The research team noted that other studies investigating drug delivery using peptides have shown how effective this system can be, but they wanted to find peptides that would strongly bind with a widespread eye compound. To do that, the team reasoned that rapid machine learning using artificial intelligence methods could help sort out and predict an effective peptide sequence to try, according to Laura Ensign, Ph.D., the Marcella E. Woll professor of Ophthalmology at the Johns Hopkins University School of Medicine, and co-corresponding author of the paper.

The team started by feeding a machine learning model thousands of data points, including characteristics of amino acids and peptide sequences. These data helped the computer model “learn” the chemical and binding properties of certain amino acid combinations, and in time, how to predict candidate peptide sequences for drug delivery using melanin.

The artificial intelligence model generated 127 peptides that were predicted to have varying abilities to penetrate the specialized cells that house melanin, bind to melanin, and be nontoxic to the cells. Out of these 127 peptides, the model predicted that a peptide called HR97 had the highest success rate of binding. The team also confirmed the properties of these peptides, including better uptake and binding within cells as well as no indication of cell death.

To test the model’s prediction, researchers attached HR97 to the drug brimonidine, which is used to treat glaucoma by lowering inner eye pressure, and injected it into adult rabbit eyes. To determine HR97’s performance, researchers measured the levels of brimonidine in the eye cells by testing the cells’ concentrations of the drug after administering the experimental drug delivery system. They found that high amounts of brimonidine were present for up to one month, indicating that HR97 successfully penetrated cells, bound to melanin, and released the drug over a longer period. Researchers also confirmed that the eye pressure-lowering effect of brimonidine lasted for up to 18 days when bound to HR97, and found no indication of irritation in the rabbits’ eyes.

Ensign says that future studies using artificial intelligence to predict peptides for drug delivery have huge ramifications for other conditions that involve melanin and can be extended to targeting other specialized structures.

“We believe we are well on the way to finding solutions in trying to improve patient care and quality of life using drug delivery systems. The ultimate goal is creating something that we can translate out of the lab and make people’s lives better,” says Ensign.

Moving forward, Ensign says, researchers will need to find ways to further extend the duration of action, test the success rate of the AI model’s drug delivery predictions with other drugs, and determine safety in humans.

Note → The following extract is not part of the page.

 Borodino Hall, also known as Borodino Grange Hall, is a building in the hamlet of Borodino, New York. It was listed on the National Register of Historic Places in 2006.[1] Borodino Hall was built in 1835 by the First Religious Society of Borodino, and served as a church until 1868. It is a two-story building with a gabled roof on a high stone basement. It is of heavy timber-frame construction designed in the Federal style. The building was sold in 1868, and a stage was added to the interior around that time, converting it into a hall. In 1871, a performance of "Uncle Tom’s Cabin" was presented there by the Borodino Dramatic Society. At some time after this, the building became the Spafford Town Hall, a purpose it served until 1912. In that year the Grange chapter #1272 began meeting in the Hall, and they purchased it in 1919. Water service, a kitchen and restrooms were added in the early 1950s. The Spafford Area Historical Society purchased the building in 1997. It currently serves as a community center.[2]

Other researchers involved in the study are Henry Hsueh, Usha Rai, Wathsala Liyanage, Yoo Chun Kim, Matthew Appell, Jahnavi Pejavar, Kirby Leo, Charlotte Davison, Patricia Kolodziejski, Ann Mozzer, HyeYoung Kwon, Maanasa Sista, Sri Vishnu Kiran Rompicharla, Malia Edwards, Ian Pitha and Justin Hanes of the Johns Hopkins University School of Medicine; Nicole Anders and Avelina Hemingway of the Johns Hopkins Sidney Kimmel Comprehensive Cancer Center; and Renee Ti Chou and Michael Cummings of the University of Maryland.

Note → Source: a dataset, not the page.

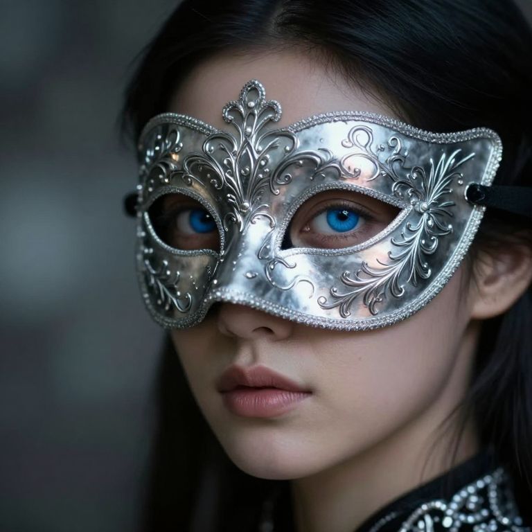 Craft a portrait photograph exuding an air of enigma, focusing on a mysterious figure with serene blue eyes against an ethereal backdrop. The subject, adorned in an intricate silver mask featuring delicate filigree patterns and subtle light reflections, directly engages the viewer's gaze, evoking curiosity and intrigue. This close-up three-quarter view framing showcases the interplay of light and shadow on the metalwork, revealing a subtle skin texture around the mask's edges, emphasizing the person's humanity beneath the disguise. Soft yet dramatic lighting emanates from an unseen source behind the subject, casting an ambient glow that highlights their captivating gaze while shrouding the background in a veil of mystery.

This work was supported by funding from the NIH (R01EY026578, R01EY031041, P30CA006973, and S10OD020091), the Robert H. Smith Family Foundation, the Marcella E. Woll and Maryland E-Nnovation Initiative Fund to establish the Marcella E. Woll Professorship in Ophthalmology, Research to Prevent Blindness, a National Eye Institute Training Grant (T32EY007143), a National Science Foundation Award (DGE-1632976) and a National Center for Advancing Translational Sciences grant (UL1TR001079).